When I changed the timeout to an array things worked better, however I still wonder whether the last timeout will still send an extra packet.

calmh commented 9 years ago

It's buggy for the last timeout interval in the list. The packet is transmitted, then the next item in list of timeouts is consulted to schedule a retransmit in the future - if the list is now empty, the request is dropped. Instead, the last interval should be used for dropping the request and not for doing a retransmission.

So [30000] should mean no retries and timeout after 30 seconds, but it doesn't work that way currently. Well, you get the timeout after 30 seconds, but it sends a last unnecessary packet too.

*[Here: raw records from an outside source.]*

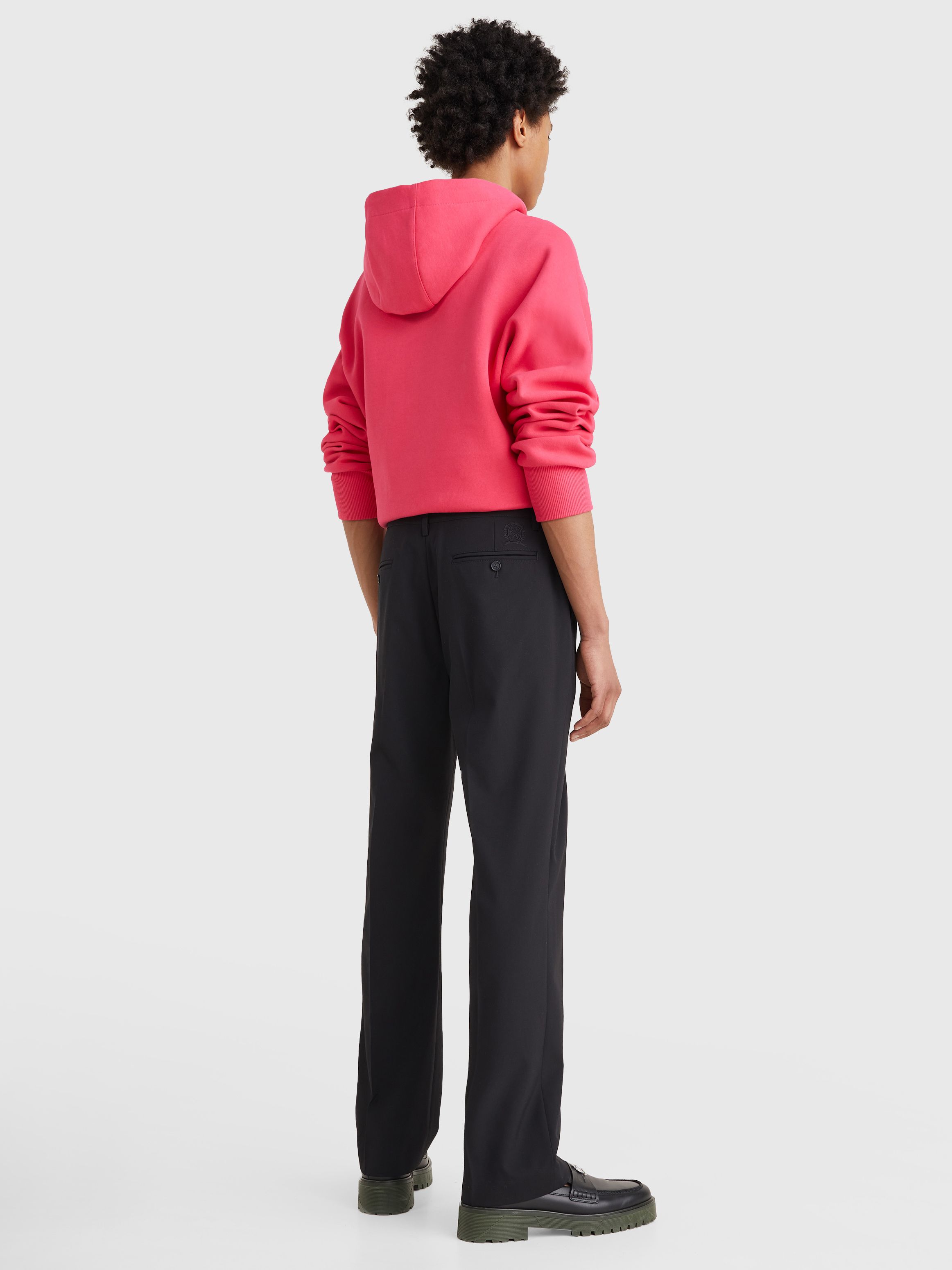 • Stretch virgin wool blend • Zip with button closure • Two waist angled pockets • One back buttoned pocket • THC crest embroidery on back • TH Collection branding
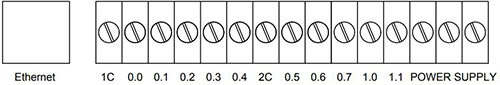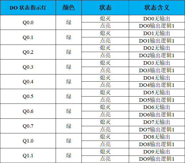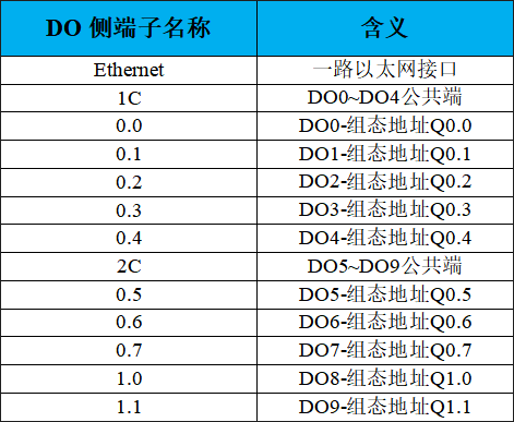 GCAN-PLC-324E/R系列的主控模塊含有上下兩排端子排,上方端子排包含一個RJ45接口和DO端子排,DO端子排分別為Q0.0~Q0.7,Q1.0~Q1.1共10個數(shù)字量輸出點,其中DO0、DO1為PNP數(shù)字量輸出及PWM高速脈沖輸出復用接口,以及供電接口,如圖所示。
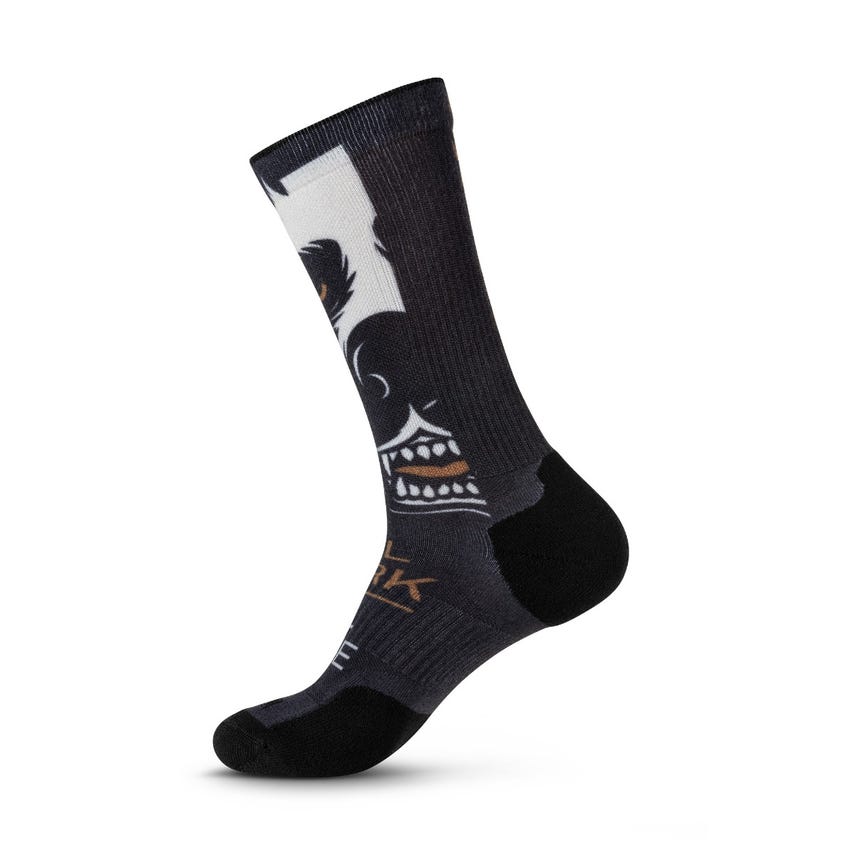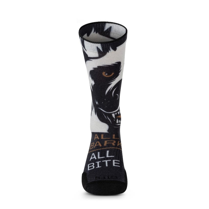 Unleash your inner beast with the Sock & Awe Crew All Bark Zoom socks. Featuring a striking graphic of a fierce canine, these socks embody the mantra "All Bark, All Bite." Perfect for adding a playful edge to your ensemble, their durable construction ensures they're more than just a fashion statement. Revel in comfort and style, proving you can always make a bold impression from the ground up.

MortenGuldager commented 8 years ago

UPDATE: 11.11.2015: With wireshark I have actually seen some devices sending the same response more than once. I don't think am affected by this bug at all.

I see this too, but only (it seems) when doing massively getAll requests over a larger (50~100) set of devices in parallel. My timeouts are [1000, 2000, 4000], but I just got errors like:

Response with unknown request ID from x.y.z.149. Consider increasing timeouts (12 ms old?).
Response with unknown request ID from x.y.z.149. Consider increasing timeouts (9 ms old?).
Response with unknown request ID from x.y.z.8. Consider increasing timeouts (5 ms old?).
Response with unknown request ID from x.y.z.25. Consider increasing timeouts (5 ms old?).
Response with unknown request ID from x.y.z.13. Consider increasing timeouts (172 ms old?).
Response with unknown request ID from x.y.z.6. Consider increasing timeouts (6 ms old?).

ralcini commented 8 years ago

Hi, any update about the possible fix? Best regards!

calmh commented 8 years ago

I don't actually use this currently, but bug fix PRs are always welcome. :)

ralcini commented 8 years ago

We can close issue? =) Fixed at 1.0.19